* [Information shown]
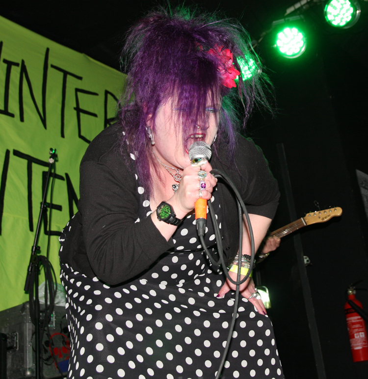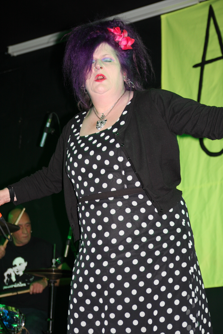 For me Decadent Few were the main supporting draw and I was trying to think back and remember if I had even seen them before. Memories blur but some of these songs were instantly timeless. Founding member and singer Kay Byatta may have looked as though she had her best party frock on but a four letter rant spilled out of her mouth quickly as they took the stage and it was evident this was a band still at war with injustice, fuck the system indeed! The chugging beat of the band along with those unmistakable vocals leapt out the speakers and we were off on a potent trip that probably had others like me looking through their old vinyl the next day. Alas I could only find the one track on We Don’t Want Your Fucking War compilation and even if not recognising most of the material tonight it felt as though it came from a very comfortable place. Blood On Their Hands came an indignant shout out about the fucking government and I loved the thick fuzzy bass sound rumbling out the speakers and the pounding almost tribal drum beat. The voice rose above it all though and totally commanded. The timings for the event were running like clockwork but people were demanding an encore and they got one rattled out in three minutes. Now all we need is for someone to gather their stuff together and bring them all out on CD as I’m buggered if I can find anything.
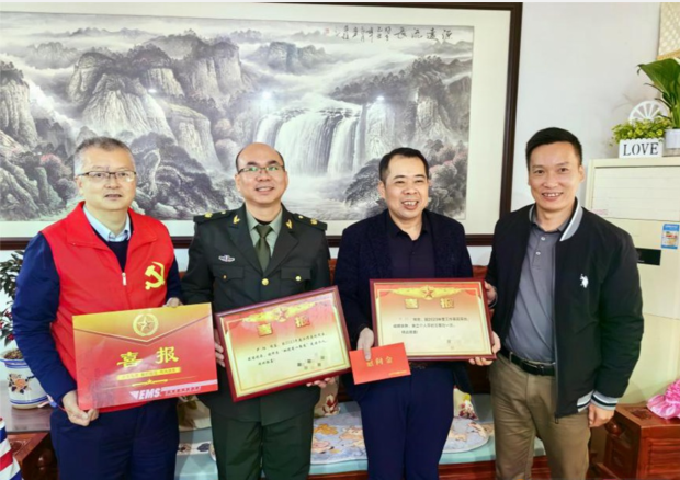 1月31日上午,东莞市东城街道武装部、东城退役军人服务中心和星城社区退役军人服务站等相关负责人组成“报喜团”,再次来到荣立三等功的东城好男儿尹阳家中,为其家人送上立功喜报和春节慰问,并对尹阳在部队上因表现杰出取得的荣誉表示祝贺和崇高的敬意,让现役军人尹阳的家属共享荣光!
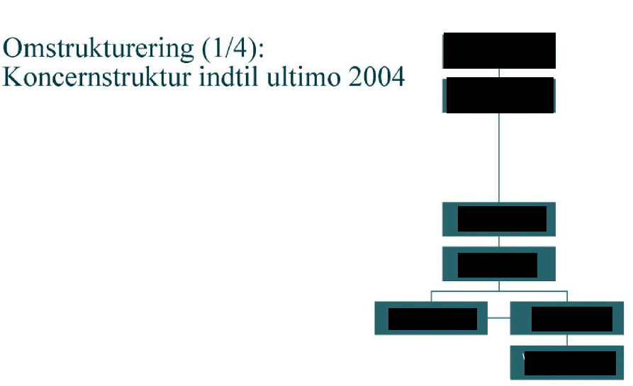"Background to (red.fjernet.koncern) (red.fjernet.arbejdspapir) During 2004, (red.fjernet.koncern) decided to review its current European group structure with a view to ensuring that the structure allowed flexibility in connection with a possible future sale or transfer of capital between the European subsidiaries. Furthermore, it was recognised that (red.fjernet.koncern) would benefit from refinancing the European group in recognition of the positive impact on the credit status and other day to day trading arrangements of the operating companies that formal recognition of the subsidiaries market value would be expected to have.
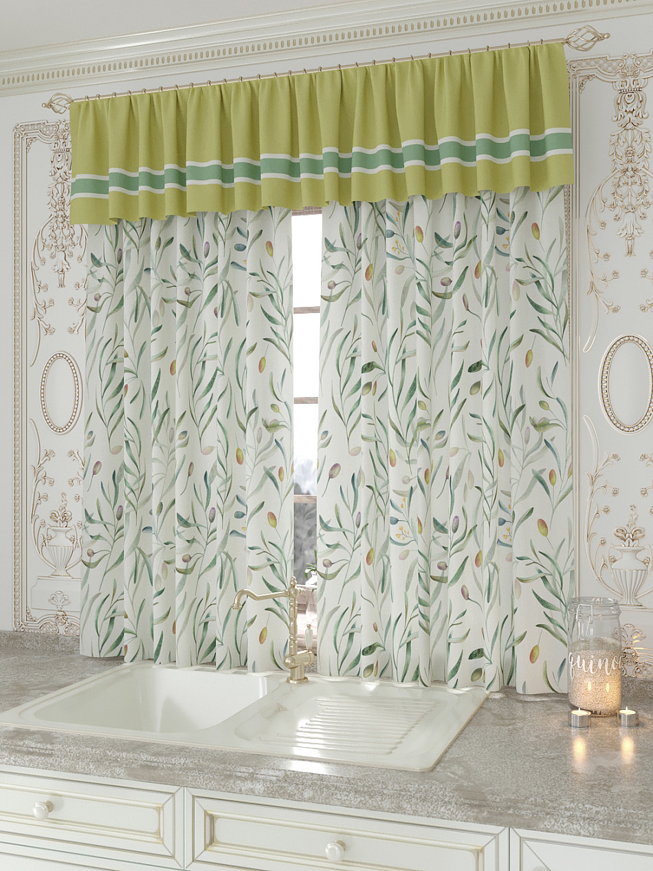 Портьеры 150х160 см. — 2 шт., Ламбрекен 300х40 см. — 1 шт. Комплект штор из легкой портьерной ткани (габардин) оформлен печатным рисунком. Печатный рисунок дает широкие возможности обновить интерьер фактически не требуя ремонта за счет огромного выбора. Ткани с печатным рисунком безопасны и не содержат токсичных веществ. Не смотря на то, что материал легкий, он имеет высокую плотность, мало загрязнятся и не требует особого ухода даже после стирки, что важно для кухонных занавесок. Шторы не выцветают, не растягиваются, превосходно драпируются, образуя струящиеся складки. Прекрасное решение для создания красоты и уюта с помощью уникальных дизайнов.

* [Problem to work on] Write out the whole listing exactly, with no pictures.

* [Answer for the task]
 For me Decadent Few were the main supporting draw and I was trying to think back and remember if I had even seen them before. Memories blur but some of these songs were instantly timeless. Founding member and singer Kay Byatta may have looked as though she had her best party frock on but a four letter rant spilled out of her mouth quickly as they took the stage and it was evident this was a band still at war with injustice, fuck the system indeed! The chugging beat of the band along with those unmistakable vocals leapt out the speakers and we were off on a potent trip that probably had others like me looking through their old vinyl the next day. Alas I could only find the one track on We Don’t Want Your Fucking War compilation and even if not recognising most of the material tonight it felt as though it came from a very comfortable place. Blood On Their Hands came an indignant shout out about the fucking government and I loved the thick fuzzy bass sound rumbling out the speakers and the pounding almost tribal drum beat. The voice rose above it all though and totally commanded. The timings for the event were running like clockwork but people were demanding an encore and they got one rattled out in three minutes. Now all we need is for someone to gather their stuff together and bring them all out on CD as I’m buggered if I can find anything.
 1月31日上午,东莞市东城街道武装部、东城退役军人服务中心和星城社区退役军人服务站等相关负责人组成“报喜团”,再次来到荣立三等功的东城好男儿尹阳家中,为其家人送上立功喜报和春节慰问,并对尹阳在部队上因表现杰出取得的荣誉表示祝贺和崇高的敬意,让现役军人尹阳的家属共享荣光!
"Background to (red.fjernet.koncern) (red.fjernet.arbejdspapir) During 2004, (red.fjernet.koncern) decided to review its current European group structure with a view to ensuring that the structure allowed flexibility in connection with a possible future sale or transfer of capital between the European subsidiaries. Furthermore, it was recognised that (red.fjernet.koncern) would benefit from refinancing the European group in recognition of the positive impact on the credit status and other day to day trading arrangements of the operating companies that formal recognition of the subsidiaries market value would be expected to have.
 Портьеры 150х160 см. — 2 шт., Ламбрекен 300х40 см. — 1 шт. Комплект штор из легкой портьерной ткани (габардин) оформлен печатным рисунком. Печатный рисунок дает широкие возможности обновить интерьер фактически не требуя ремонта за счет огромного выбора. Ткани с печатным рисунком безопасны и не содержат токсичных веществ. Не смотря на то, что материал легкий, он имеет высокую плотность, мало загрязнятся и не требует особого ухода даже после стирки, что важно для кухонных занавесок. Шторы не выцветают, не растягиваются, превосходно драпируются, образуя струящиеся складки. Прекрасное решение для создания красоты и уюта с помощью уникальных дизайнов.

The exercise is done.